Após meu texto sobre o Roger Waters, que nem tratava sobre este tema, uma amiga de longuíssima data, que labora no Sistema Educacional em Curitiba, demonstrou-se preocupada com minha opinião favorável à Escola sem Partido. Da mesma forma, uma leitora solicitou, através de um comentário escrito ao final daquele mesmo texto, que eu pensasse melhor sobre o assunto. Em respeito às duas, fui além. Passei um bom tempo lendo a opinião de juristas, professores, pessoas comuns e, ainda, assisti vários vídeos onde personalidades, filósofos, blogueiros e, também, pessoas comuns, versavam sobre este tópico em particular.
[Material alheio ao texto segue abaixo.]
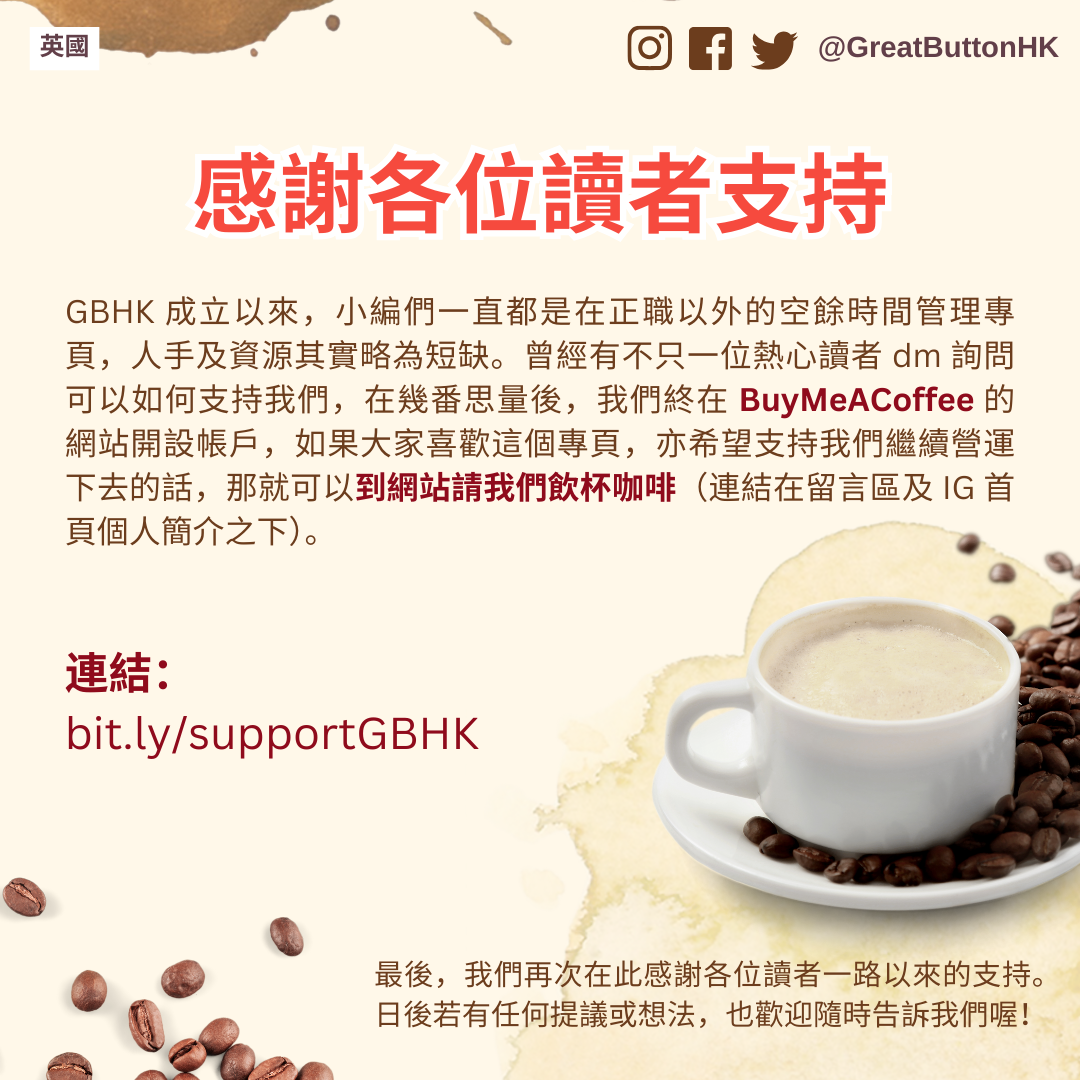 不經不覺,GreatbuttonHK 專頁已快正式成立兩年了!過去的時間裏,小編們每天都努力發佈帖文,希望能讓讀者們緊貼英國的新聞時事和資訊,這亦是我們創辦 GBHK 的初心—希望建立一個繁體中文的英國新聞渠道,讓在英國的各位能夠更了解這裡的時事議題、文化及其他重要資訊。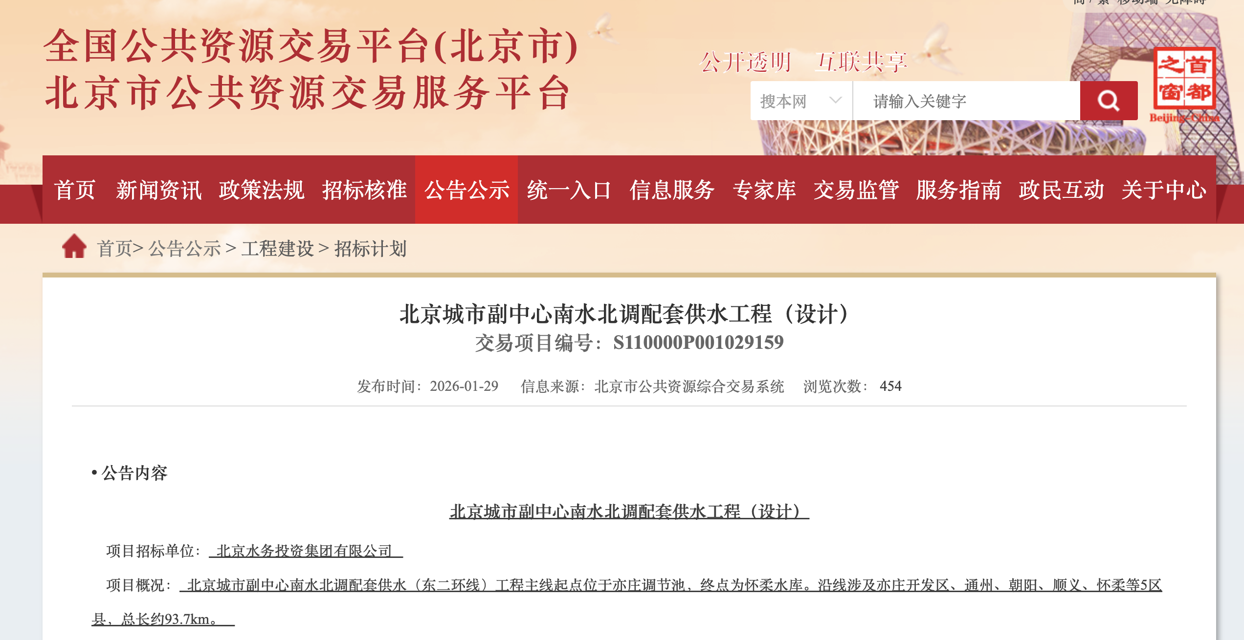 التحقيق في أعمال تصميم إمدادات المياه من الجنوب إلى الشمال مشروع نقل المياه في بكين نائب مركز المدينة بدأت المناقصة . مجموع طول 93.7 كم ، استثمار ما مجموعه 14.375 مليار يوان من شريان الحياة تحت الأرض من التخطيط الأولي لتنفيذ الهبوط خطوة رئيسية . تدفق المياه لم تتحرك ، والمسح في وقت مبكر ، هذه المعركة بشأن أمن إمدادات المياه في المناطق الحضرية في بكين ، وحتى في جميع أنحاء شمال بكين ، بدأت بالفعل .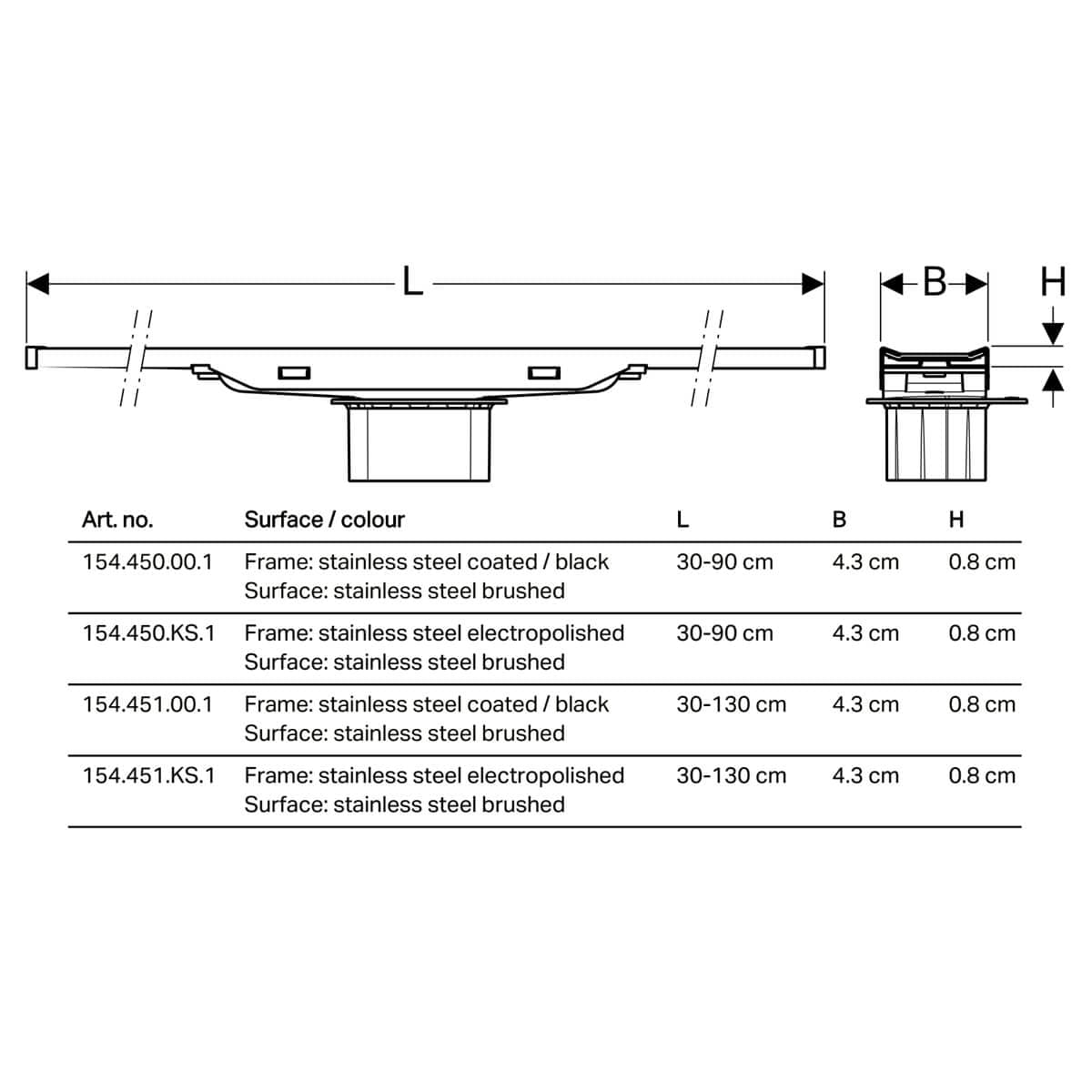 Geberit Cleanline20 zuhanyfolyóka 30-130 cm hosszú, besüllyesztett,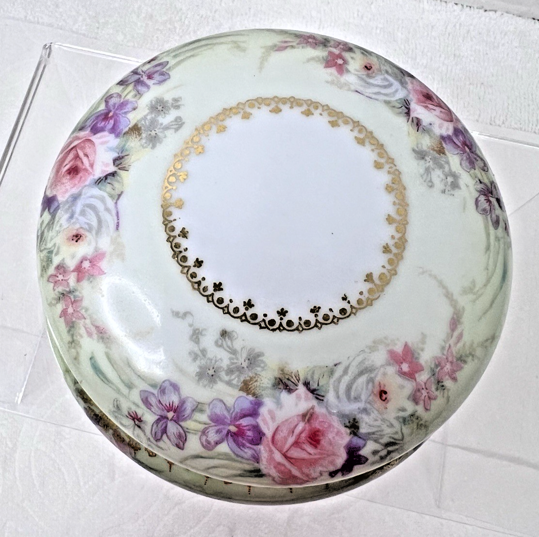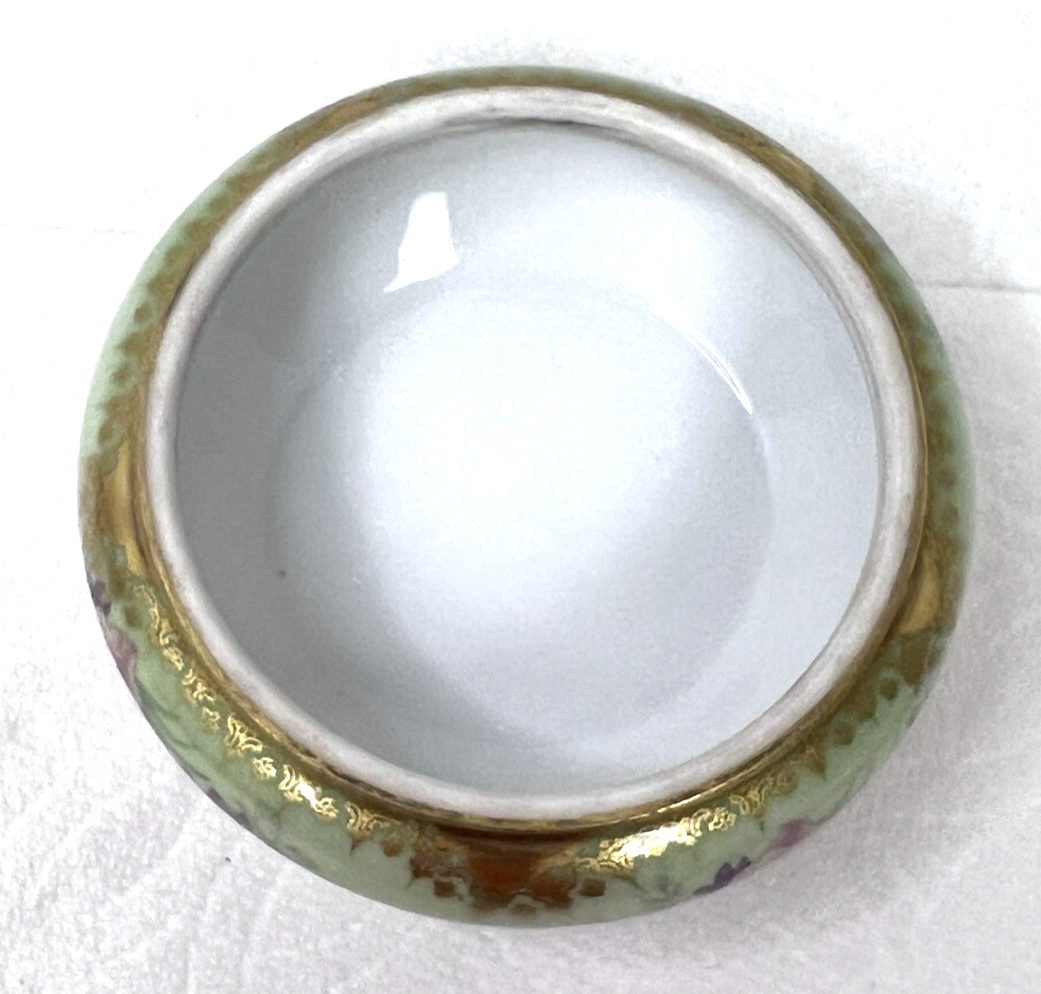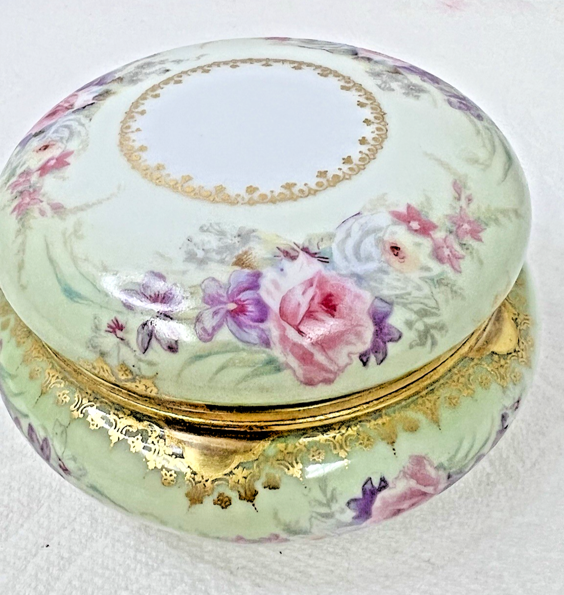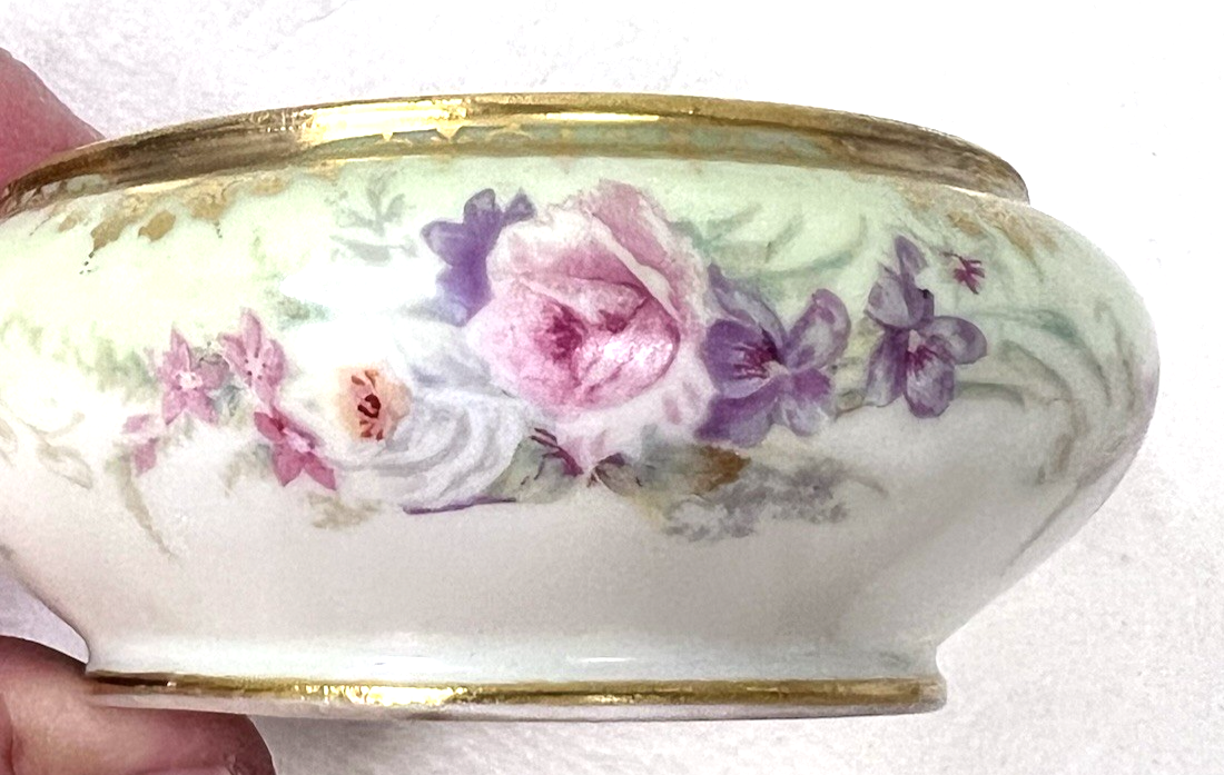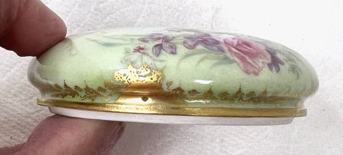 Elite Limoges France Powder Jar Box Pink Roses w Purple Flowers Light Green GOLD no chips or breaks and the gold is bright. The base is 3 3/4 at the widest and 2 1/4 inches tall

De início fiz o que penso que todo mundo que opina sobre algo faz, ou seja, fui ler na íntegra o tão falado Anteprojeto de Lei Federal que, se aprovado, “Institui o Programa Escola Sem Partido”. Não é necessário nenhum conhecimento específico em leis ou pedagogias de ensino para perceber, de imediato, que o anteprojeto apenas reúne em um só documento itens que já tratam do assunto na própria Constituição Brasileira e, portando não a corrompe ou contradiz. Uma Comissão Especial da Câmara Federal, em Brasília, analisa o projeto que recebeu o título de PL 7180/14.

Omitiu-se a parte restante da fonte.